● **About this task**: For the material below, the expected output is exactly the lines between the line holding "с клюквенным соусом." and the line holding "4、当你进入书籍播放页面后,便能执行播放", inclusive, with pictures left out.

● **Input records**:
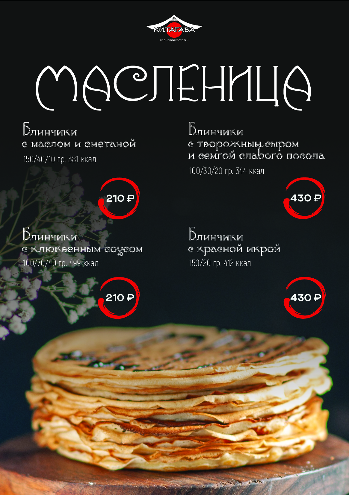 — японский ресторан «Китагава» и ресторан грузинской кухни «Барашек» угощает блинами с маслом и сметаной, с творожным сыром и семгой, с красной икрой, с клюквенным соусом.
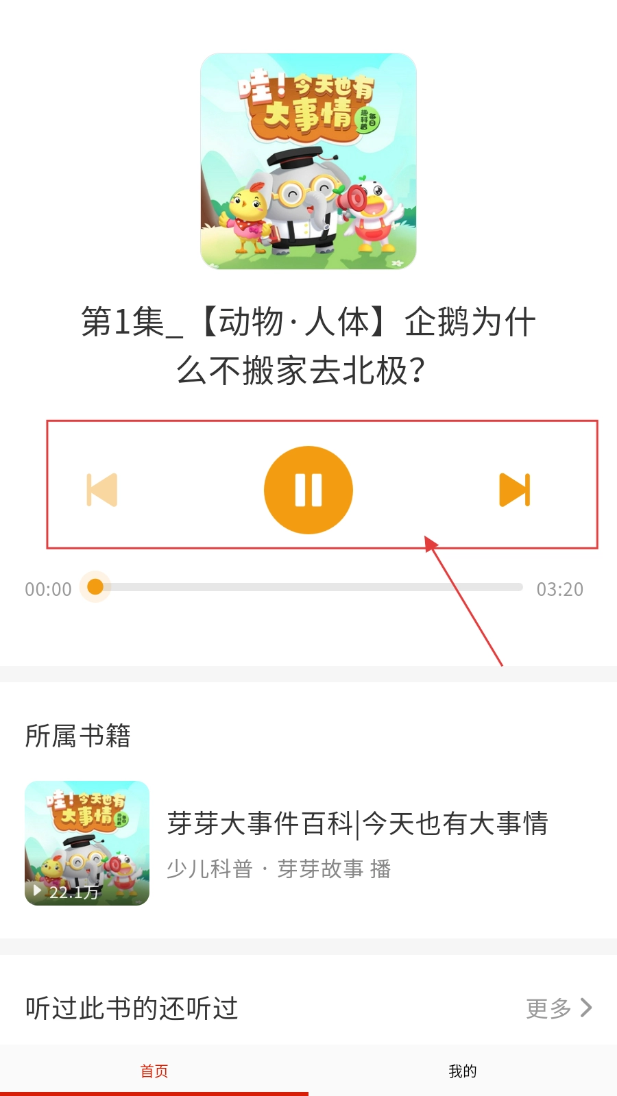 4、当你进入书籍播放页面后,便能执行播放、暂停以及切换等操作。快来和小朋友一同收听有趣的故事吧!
---
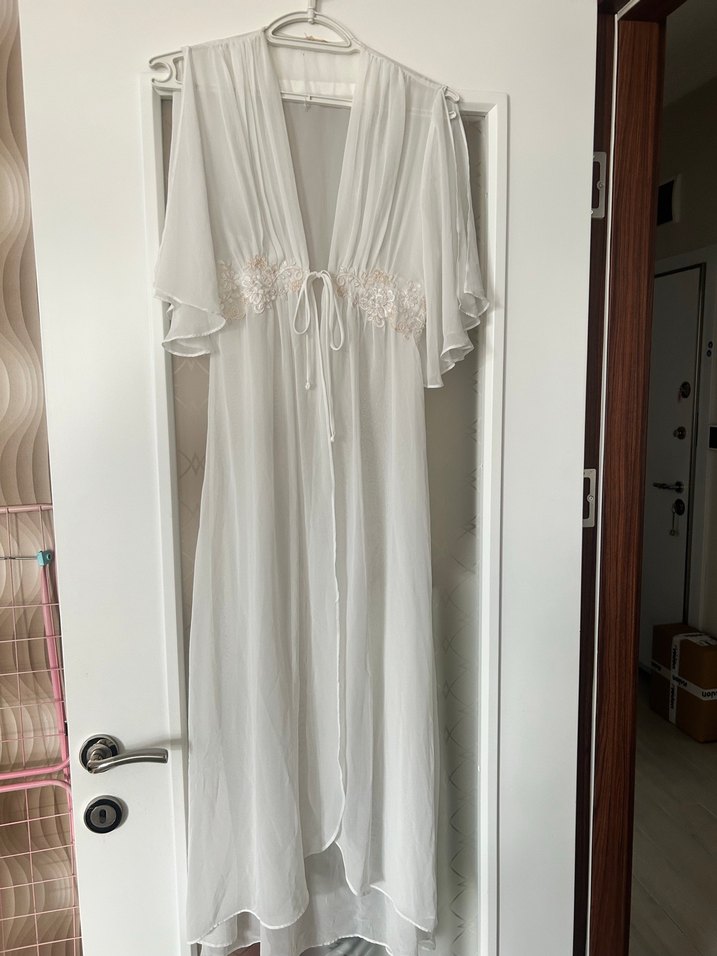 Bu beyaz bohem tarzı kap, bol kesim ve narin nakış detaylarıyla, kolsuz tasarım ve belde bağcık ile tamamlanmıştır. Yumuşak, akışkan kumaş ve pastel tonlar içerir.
--
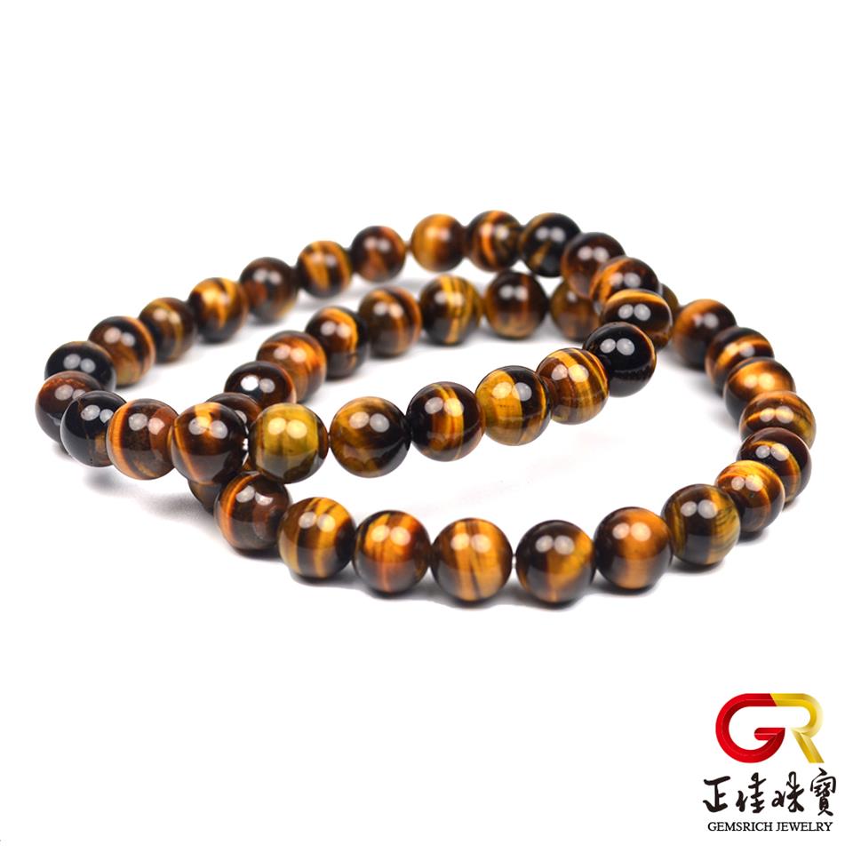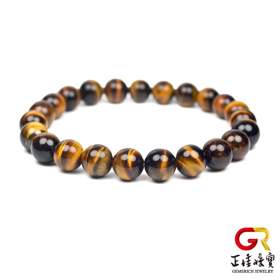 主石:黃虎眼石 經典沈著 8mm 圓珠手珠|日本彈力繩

● **Exercise output**:
 — японский ресторан «Китагава» и ресторан грузинской кухни «Барашек» угощает блинами с маслом и сметаной, с творожным сыром и семгой, с красной икрой, с клюквенным соусом.
 4、当你进入书籍播放页面后,便能执行播放、暂停以及切换等操作。快来和小朋友一同收听有趣的故事吧!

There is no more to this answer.